From within a garden gate…

gardening in the rain2

I am hopeful and ready to cultivate something verdant and lush,  a wonderful secret garden, a tonic for a feeling of well-being and happiness wherein the garden fence I can be a caretaker of living things and feel at home, a place out under the sky where the nameless meadowy wild flowers and grasses thrive along side vines of berries, succulent sedums, herbs, foxglove, sturdy fruit trees.  All together keeping time of the seasons together under the showers of the skies or sprinkler, and the comforting shade skips around in a merry frolic with the suns rays.     In wet months miners lettuce explodes in edible clusters,  and somewhere near,  maybe a lucky mushroom pops up…

“Weeds are flowers too, once you get to know them.”  A. A. Milne

Foraging about in a garden, a secret garden, the kind only a few people visit (namely myself) … with a lovely and nice gate to keep the world out and the magic in. Garden gates utterly fascinate me right now… check out this beauty…

garden gate

The garden is  like a favorite room in a house.  In mornings of April through October there’s me holding a watering hose in one hand and cup of coffee in the other, with knitting bag slung across my shoulders. I am dreaming a thriving green oasis from within my Charcoal Forest, and garden with walls of pink jasmine (just planted, six plants!) to vine and cover the lower fence, and shield from vision the blackest of burn,  and the apple trees trying to shake off the scorched leaves of last Autumn’s wildfire as their new leaves are determined to emerge soon,  very soon, they must, because I just see them in my mind!

“Flowers are restful to look at. They have neither emotions nor conflicts.” Sigmund Freud

A place to go, to work hard and get dirt beneath my nails, a  place where  the soul meets life, and the worries of the world are forgotten. My thoughts these days are of knitting, and of a garden with knitting trail made new.   

17 thoughts on “From within a garden gate…

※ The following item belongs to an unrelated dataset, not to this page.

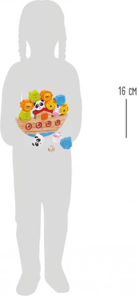 Børn træner præcision og koordination ved at stable dyrene på den vippende båd uden at miste balancen.

    • Hello, and thank you. Its just the post trauma of the wildfire, and I’m not alone, the community has quite a number of us. But, soon I will be back up in the hills, so watch this space! xx

  1. Dear Jen, if you are at all concerned about your mental health please go visit your family Dr. I had a nervous breakdown. I know how hard it is to ask for help. There is a lot we can do to help ourselves (diet, exercise etc) but sometimes it’s just not enough. It isn’t a sign of weakness, instead it is a sign of chemical imbalance.
    Sending love and hugs, Tracey xx 😚❤

    • Tracey, please read the ‘ edit in ‘ I just added at bottom of post ~ a cheerful event which has me in a fine mood. No worries, it’s not a real nervous disorder, more the very expected post-traumatic stuff that goes with being displaced from the wildfire, but I think things will be improving sooner than later, as our new Tiny House should be up in the woods by this time next month. I’m okay, and thank you! xxx

  2. Happy gardening Girly! My own experience of trauma teaches me, moment by moment, the importance of simplicity. May your garden grow into a powerful positive metaphor for the churning, tidal chaotic spiral that is post-trauma. And, once verdant and mad and full of buzzing life, may it return some resilience.
    Cheers

  3. A few months prior to the wildfires a good friend introduced me to a woman who created a woodland on 3 desolate acres in the west of Ireland, Bealtaine Cottage (have I told this story already?) I was so inspired I started planting… then the fires came. We were fortunate to be able to return during the fires, I went into the garden, put on a mask and watered. Now, to quote Colette O’Neil… I “plant as though my life depends on it, because it does.”
    The garden is a healing place. Blessings on you and yours, Jen.